Slowly, and then all at once. This is how Manchester City collapse these days. Pep Guardiola once described his ultimate fever dream as a coach, the goal at the end of all this detail; which is essentially to have the ball for 90 minutes, creating his own frictionless Pep-world of total control. Well, that might just have to be parked for a bit. Probably best not to watch this one back for a while, either.

At the Parc des Princes City produced one of the strangest performances of Guardiola’s time. Everyone has an off day. Human error happens. What stood out in, a second half during which City went from 2-0 up to 4-2 down, was how lonely the players looked out there, a team utterly losing the sense of itself.

Mainly it all just came from nowhere, arriving as a kind of social contagion. For 15 minutes City simply fell apart, collapsed like a rain-soaked cardboard box, an entity that suddenly had no resistance, no fibre, no sense of collective will.

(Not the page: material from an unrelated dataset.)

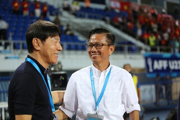 HLV Hoàng Anh Tuấn và HLV Shin Tae-yong (Ảnh: Vương Anh)

Teams are strange things. Even at this elite, hyper-prepped level they run on emotion and collective energy. And City have been the ultimate systems team, coached by a manager so brilliantly controlling that he will paint a chalk spot on the practice pitch and make Raheem Sterling stand in it, just to understand that loss of self.

And yet the human element will keep creeping in: 25 storeys up there are still ants in the carpet. This has been a feature of City’s recent run, a way of falling apart that feels like something more than missing parts, closer to an internal hysteria.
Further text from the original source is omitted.